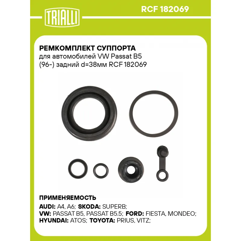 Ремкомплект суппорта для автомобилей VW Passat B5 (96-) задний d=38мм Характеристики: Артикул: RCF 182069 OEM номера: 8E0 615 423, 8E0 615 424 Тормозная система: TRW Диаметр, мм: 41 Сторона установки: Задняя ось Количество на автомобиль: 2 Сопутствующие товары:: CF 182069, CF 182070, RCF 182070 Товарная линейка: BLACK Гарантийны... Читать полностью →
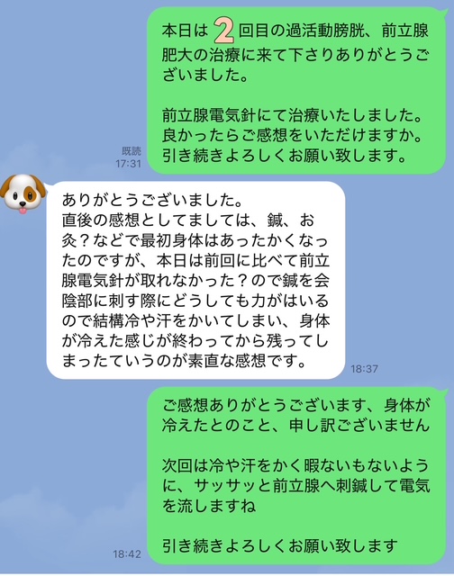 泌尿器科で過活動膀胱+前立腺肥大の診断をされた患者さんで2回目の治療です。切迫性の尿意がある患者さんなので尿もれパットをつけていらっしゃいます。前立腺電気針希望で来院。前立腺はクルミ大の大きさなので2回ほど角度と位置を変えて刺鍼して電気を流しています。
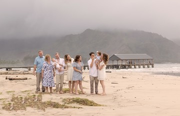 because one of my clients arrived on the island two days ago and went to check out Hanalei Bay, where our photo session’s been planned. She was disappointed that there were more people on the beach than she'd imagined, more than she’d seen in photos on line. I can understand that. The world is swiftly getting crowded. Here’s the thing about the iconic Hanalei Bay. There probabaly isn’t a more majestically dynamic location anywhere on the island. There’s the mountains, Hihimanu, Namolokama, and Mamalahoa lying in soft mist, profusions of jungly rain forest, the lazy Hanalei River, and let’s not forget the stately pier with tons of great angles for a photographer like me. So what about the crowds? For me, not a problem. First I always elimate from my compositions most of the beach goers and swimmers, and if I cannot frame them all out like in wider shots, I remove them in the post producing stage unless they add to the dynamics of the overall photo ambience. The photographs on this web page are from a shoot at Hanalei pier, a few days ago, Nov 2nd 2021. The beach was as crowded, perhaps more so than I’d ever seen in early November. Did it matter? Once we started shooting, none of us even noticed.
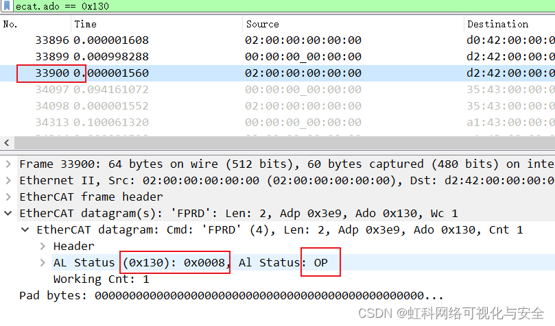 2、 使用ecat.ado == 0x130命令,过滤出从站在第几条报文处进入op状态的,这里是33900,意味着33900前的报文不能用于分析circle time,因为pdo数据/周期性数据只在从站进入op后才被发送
* * *
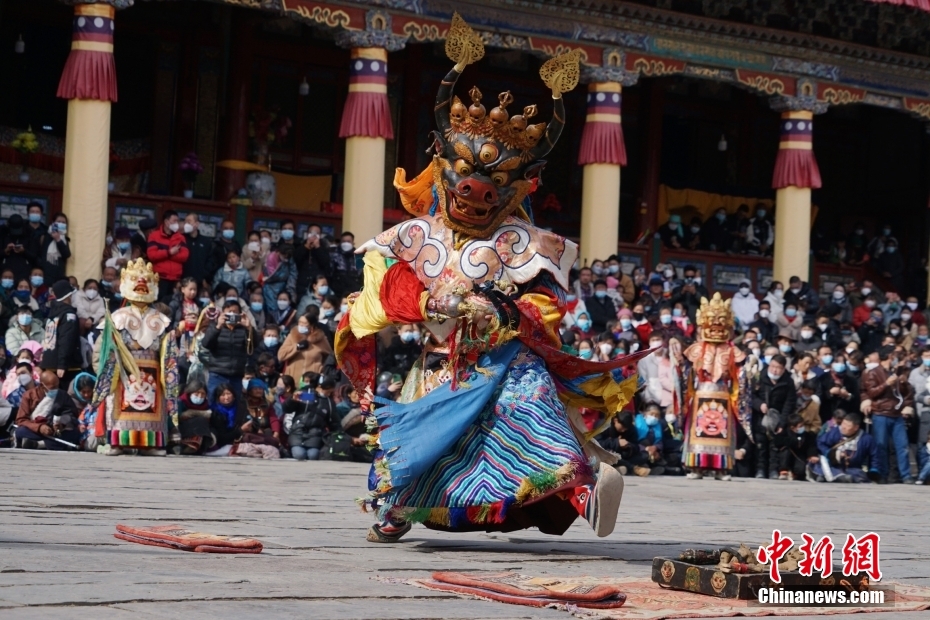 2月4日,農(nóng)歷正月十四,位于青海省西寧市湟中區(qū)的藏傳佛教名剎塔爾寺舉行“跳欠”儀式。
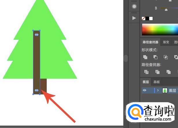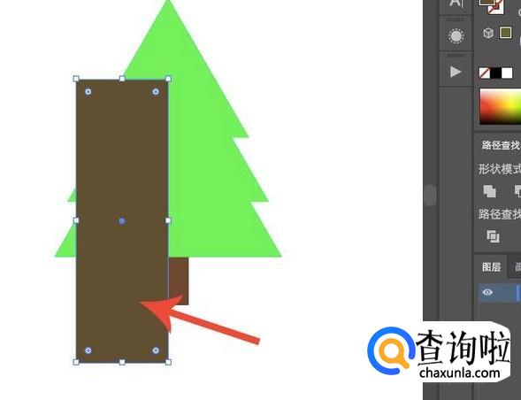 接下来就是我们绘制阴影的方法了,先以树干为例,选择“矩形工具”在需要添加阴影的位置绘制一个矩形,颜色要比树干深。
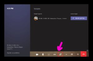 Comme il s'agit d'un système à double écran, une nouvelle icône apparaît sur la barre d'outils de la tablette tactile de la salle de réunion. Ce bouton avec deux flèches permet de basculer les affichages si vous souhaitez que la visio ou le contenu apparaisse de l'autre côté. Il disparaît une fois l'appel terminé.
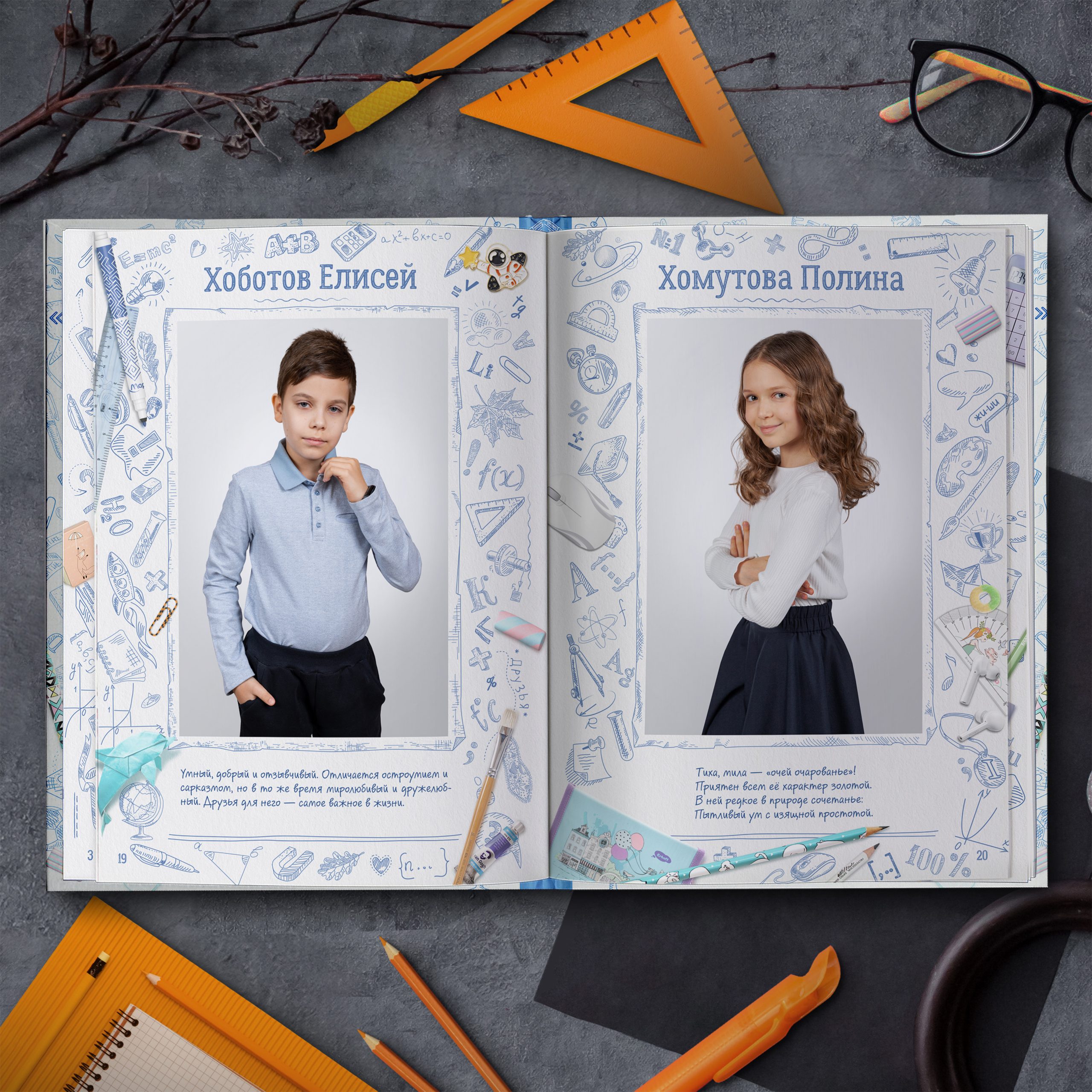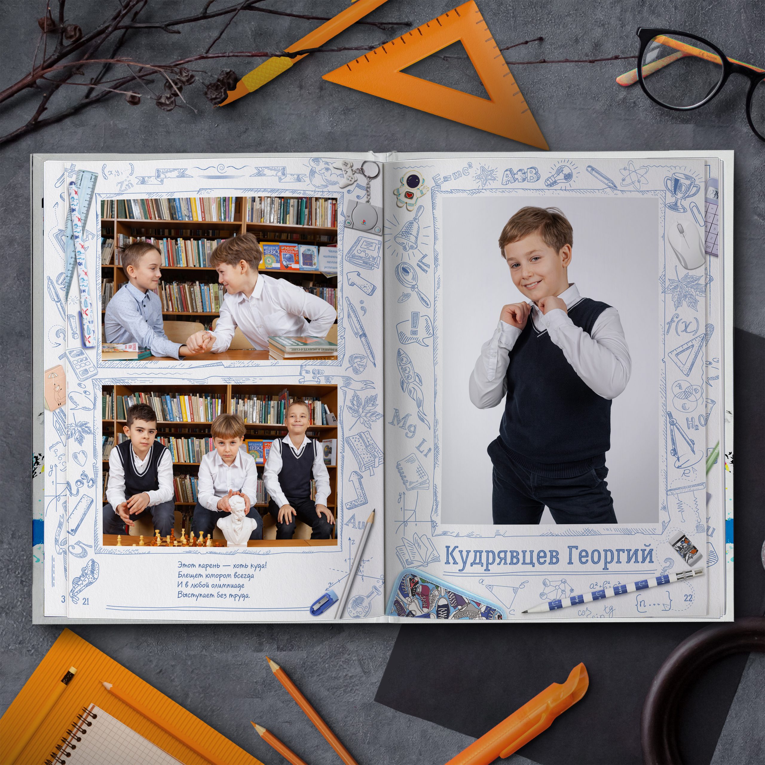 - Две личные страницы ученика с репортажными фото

_PROBLEM DETAILS_: Only one part of the listing is wanted: the lines from the one containing "2月4日,農(nóng)歷正" through the one containing "- Две личные", both included. Please transcribe it exactly, leaving out the pictures.

_SOLUTION TO THIS TASK_:
 2月4日,農(nóng)歷正月十四,位于青海省西寧市湟中區(qū)的藏傳佛教名剎塔爾寺舉行“跳欠”儀式。
 接下来就是我们绘制阴影的方法了,先以树干为例,选择“矩形工具”在需要添加阴影的位置绘制一个矩形,颜色要比树干深。
 Comme il s'agit d'un système à double écran, une nouvelle icône apparaît sur la barre d'outils de la tablette tactile de la salle de réunion. Ce bouton avec deux flèches permet de basculer les affichages si vous souhaitez que la visio ou le contenu apparaisse de l'autre côté. Il disparaît une fois l'appel terminé.
 - Две личные страницы ученика с репортажными фото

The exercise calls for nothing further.